What are the 5 forms of domestic abuse?

Domestic abuse is when someone – almost always serially – abuses another person within an intimate or family relationship.

In 2013/14 86 women and 23 men died at the hands of a partner or ex-partner.

Typically, we may think of domestic abuse as being about physical violence, but there are other forms of abuse which are equally harmful, not only to the victim, but to everyone else living in that household.


So, what are the 5 different forms of domestic abuse?


1. Physical abuse and violence


The first and most widely recognised form is physical abuse and violence. This includes slapping, punching, strangling, scalding and burning, throwing and breaking things and the use of weapons.
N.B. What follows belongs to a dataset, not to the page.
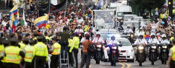 Hubo cerca de 7 000 voluntarios desplegados. Verónica Baldeón coreó las canciones que desde hace un mes y medio practicó con sus compañeros. Quería agradecerle a Dios por ayudarla a superar un altibajo en su salud y por eso se inscribió en el grupo de voluntarios. Llegó a las 10:00 para organizar al equipo que estaba a su cargo. Caminó de un lado a otro ubicándoles en sus posiciones, aconsejándoles que el momento en que llegara el Papa no lo miren a él sino a la gente, para evitar que se aglomeraran. Su almuerzo fue un aperitivo que encontró en un puesto ambulante, de los muchos que se instalaron en los alrededores con comida, camisetas, llaveros, gorras, paraguas, plásticos, pañuelos con el rostro del Papa. Baldeón sintió cansancio y dolor en los pies, que solo le olvidó cuando vio a lo lejos las luces de las sirenas de la Policía, custodiando a Francisco. Primero, varias motos y después el papamóvil blanco, con las luces encendidas. Los vehículos con vidrios polarizados que seguían al Papa en el recorrido motivaron la reacción de personas apostadas en la 6 de Diciembre. Gritaron ¡Fuera Correa, fuera! en los segundos que duró el paso de la caravana. Los voluntarios les recordaron que no se trataba de un acto político. El Papa siguió su recorrido con el brazo derecho levantado para saludar a los quiteños y también a sus coterráneos argentinos que llegaron. Dos de ellos eran el matrimonio de Jesús Rambaudi y María Sosa. Ellos emprendieron un viaje por América hace tres meses. Llegaron a Ecuador el 25 de mayo y tenían previsto quedarse solo 15 días. Pero cuando se enteraron que el Papa llegaría a Ecuador se quedaron. Ayer lo esperaron tomando mate en la intersección de la 6 de Diciembre y Gaspar de Villarroel.

2. Mental or emotional abuse


Alongside the harm caused by any physical injuries, psychological damage to the victim is inevitable – whether in the form of depression, low self-esteem, anxiety, or post-traumatic stress disorder. Mental or emotional abuse is also a separately recognised form of abuse and can include malicious name-calling, belittling, accusations, threats and intimidation.


3. Sexual abuse


Sexual abuse can be defined as any sexual encounter without consent and includes rape and/or forcing another to take part in any kind of sexual act they’re uncomfortable with, as well as forced pregnancy and childbearing.


4. Financial abuse


Financial abuse includes depriving someone of money, restricting them to an allowance, or monitoring every penny they spend. This leaves a victim feeling isolated, lacking in confidence and trapped in their relationship.


5. Stalking


In late 2012 UK legislation was updated to include stalking as a form of domestic abuse. It includes surveillance: watching, waiting, spying or approaching the victim, persistent communication via phone, text, email, social media or through gifts and notes, breaking in to the victim’s home or car, damage to property, threats and violence. It’s worth pointing out that honour-based violence, forced marriage and FGM (female genital mutilation) as well as elements of radicalisation and child and adult abuse, are all classed as domestic abuse too.


What should I do?

If you suspect an adult is experiencing domestic abuse you may need to respect their wish for confidentiality. The best thing you can do is tell them you’re concerned for their safety and be constantly supportive.

Try not to pressure a victim to leave their relationship; help the victim to recognise the abuse is not their fault and that everyone deserves a non-violent and healthy relationship.

Being there to help, or listen, will make a huge difference.